■ Required work
Look below for the line containing "大家好,小安來為大家解答以上", then write out that line and every line after it to the end, exactly, minus the pictures.

(Items from a dataset)
****************

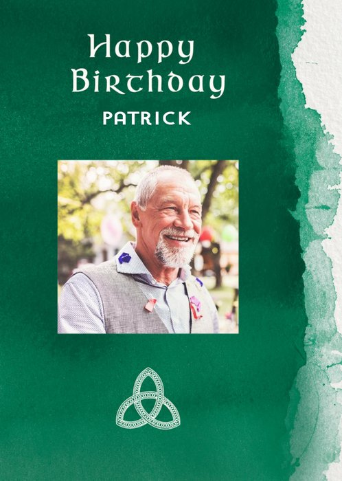 Illustrated 50th Birthday card for your son, featuring a photo upload space above a bird table with a Blue Tit on, a watering can, spade, wellies, and a wheelbarrow.
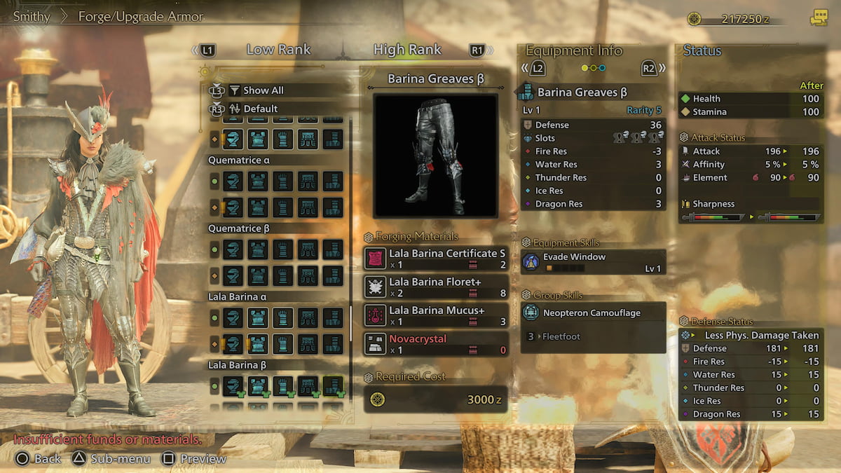 | BarinaVambracesβ | x1 lala barina認定s x1 lala banda claw X1 Lala Barina Stinger+ x1モンスタースープ | 3,000 Z |
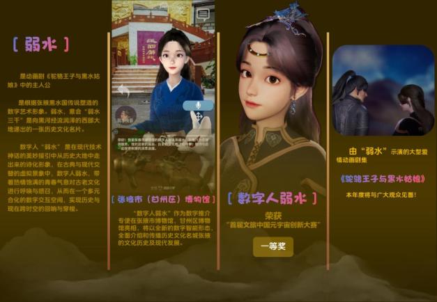 我拿弱水,意思是“弱水3000”。它是黑河西部土地的历史文化名片。它源于动画剧《骆驼王子与黑水女孩》中的主人公。它是根据张掖市甘州区黑水国传说精心塑造的数字艺术形象,也是从历史地面走出来的诗意形象,在现代技术和神话的精彩接引下获得“第一届文化旅游中国元宇宙创新大赛”一等奖。
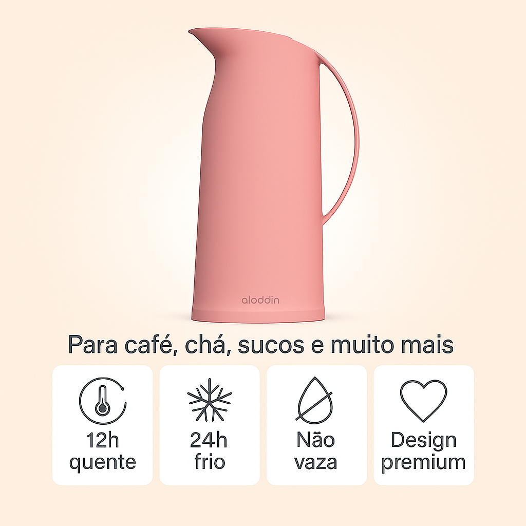 SILCO GARRAFA TÉRMICA 750ML ALADDIN Café quente por horas, com estilo e sem complicações Transforme seu momento do café em uma experiência de prazer, beleza e praticidade. A Garrafa Térmica Futura Aladdin 750ml mantém suas bebidas quentes por até 12 horas e frias por até 24 horas, com um design elegante que combina com qualquer ambiente. Benefícios que fazem a diferença: - Ampola de vidro: Conservação térmica superior, sem alterar o sabor. - Sistema de rolha inteligente: Sirva com praticidade e segurança. - Design minimalista e moderno: Estilo que valoriza sua cozinha ou escritório. - Capacidade de 750ml: Ideal para o dia a dia, cafés, chás ou água. - Construção robusta: Material externo em polipropileno resistente. Com a Garrafa Térmica Futura Aladdin, você não precisa mais reaquecer bebidas ou lidar com recipientes que esquentam por fora ou derramam. Ela entrega conforto, economia de tempo e sofisticação. Um produto que une eficiência térmica e estética refinada, ideal para presentear ou valorizar sua rotina com mais qualidade. Perguntas Frequentes Respondidas 1. A garrafa conserva mesmo o café quente por 12 horas? Sim! Graças à ampola interna de vidro e ao sistema de vedação eficiente, a temperatura é mantida por até 12 horas para líquidos quentes. 2. Posso usar para bebidas frias também? Sim! Ela conserva bebidas frias por até 24 horas, ideal para sucos, águas saborizadas ou chás gelados. 3. O material externo esquenta? Não. O corpo em polipropileno isola completamente o calor, garantindo conforto e segurança ao manusear. 4. Essa garrafa vaza ou pinga ao servir? Não. Ela possui sistema de rolha com vedação precisa, evitando qualquer vazamento ou gotejamento. 5. Cabe bem em bandejas ou armários? Sim. Com altura de 27,2 cm e base de 11,1 x 12,2 cm, ela se encaixa bem em bandejas, armários e superfícies de apoio.
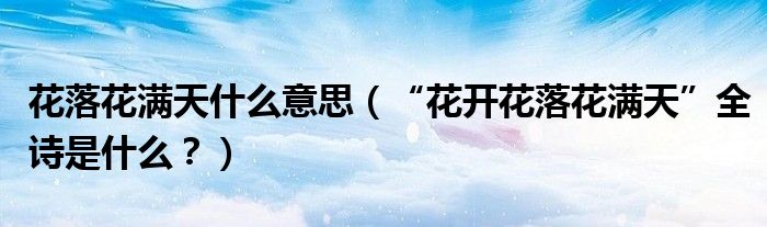 大家好,小安來為大家解答以上問題?;浠M天什么意思,“花開花落花滿天”全詩是什么?很多人還不知道,現在讓我們一起來看看吧!
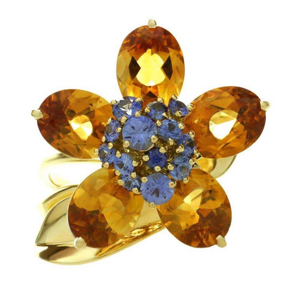 Описание Кольцо Van Cleef & Arpels Hawaii, желтое золото, сапфиры, лимоны.
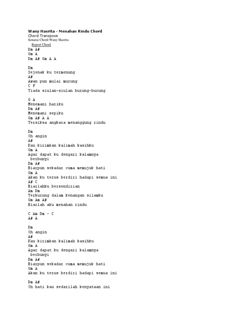 Chord Menahan Rindu By Wany Hasrita Chordlicious

****************

■ Problem solution
 大家好,小安來為大家解答以上問題?;浠M天什么意思,“花開花落花滿天”全詩是什么?很多人還不知道,現在讓我們一起來看看吧!
 Описание Кольцо Van Cleef & Arpels Hawaii, желтое золото, сапфиры, лимоны.
 Chord Menahan Rindu By Wany Hasrita Chordlicious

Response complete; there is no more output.